I was talking to a friend last night about his years in AA and how it all worked for him. He is one who was willing to go to any length to stay sober. He told me that when we come into a recovery program, we are like a diamond in the rough. There are lots of rough edges. After we go to enough meetings and rub up against enough people, those edges become smooth. And eventually if we stay at it enough, a beautifully cut stone is formed. I thought that this was a nice analogy.
I still have the rough edges. Some things have smoothed out for me. But there are others that remain. My response to criticism is one of the triggers that sets off bad stuff in my head. I know how to recognize it when it occurs but all too often it will sneak up on me when I'm least expecting it.

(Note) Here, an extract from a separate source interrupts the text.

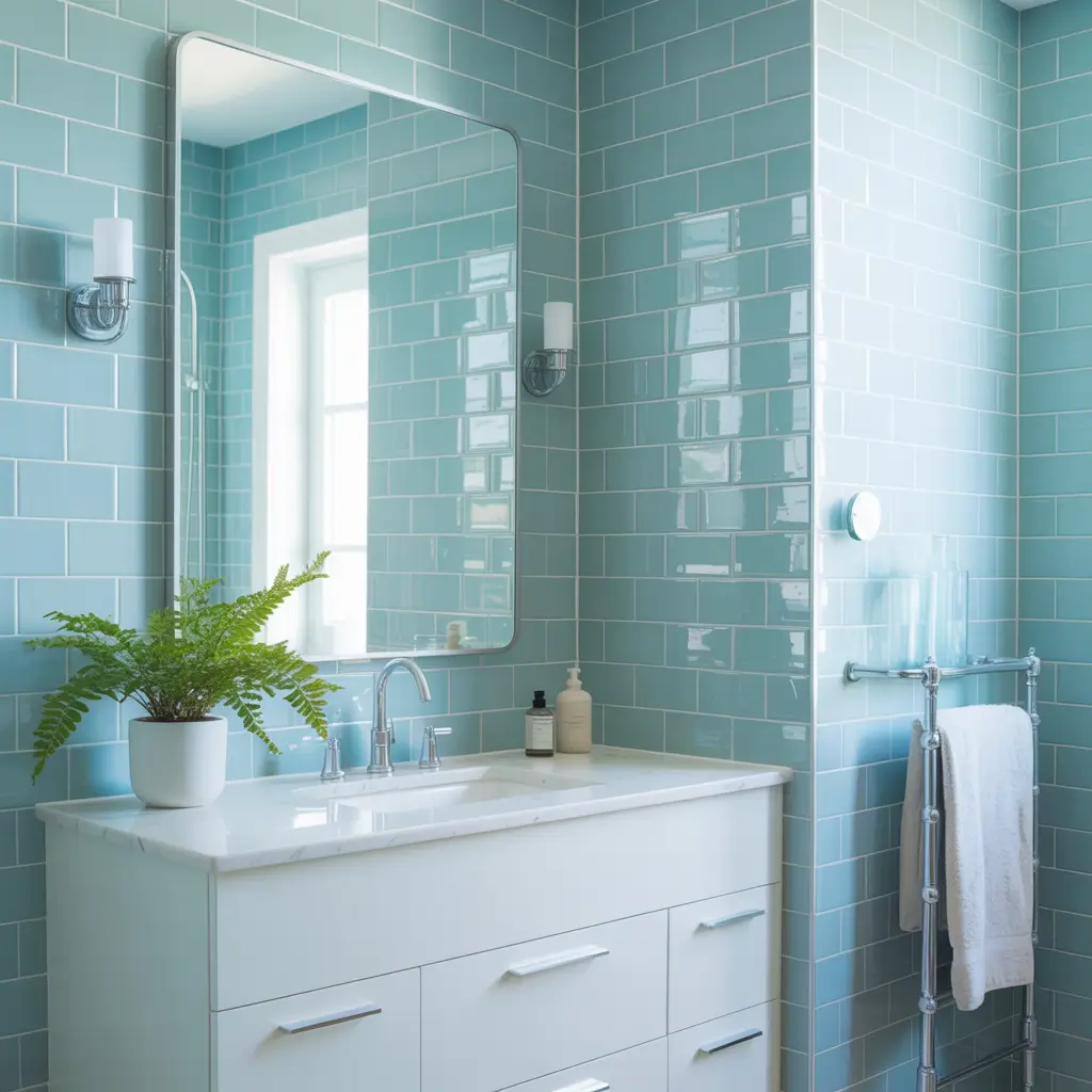 Don’t limit yourself to just walls. Baby blue subway tiles on the floor (in a larger format) creates incredible flow. Just make sure to choose tiles with proper slip resistance—style shouldn’t come at the cost of safety.

I've read a lot about reactions to vitriol from another person. Even though I don't act out or give sharp words back, I do something that is totally unproductive: I let the anger from the other person make me feel diminshed. Sometimes by letting the anger get into my system when it's projected by another, I can become indignant rather than just shrugging and letting it go.
My sponsor likes to say that "Opinions are like assholes, everybody has one." It's funny because when I first heard that I thought "Well, I guess that I need to remember that when the next asshole offers an opinion". What I really need to do is to see that I just may be rubbing against a person who has the rough edges still and that by doing so, maybe some of mine and that of the other person will be smoothed a bit.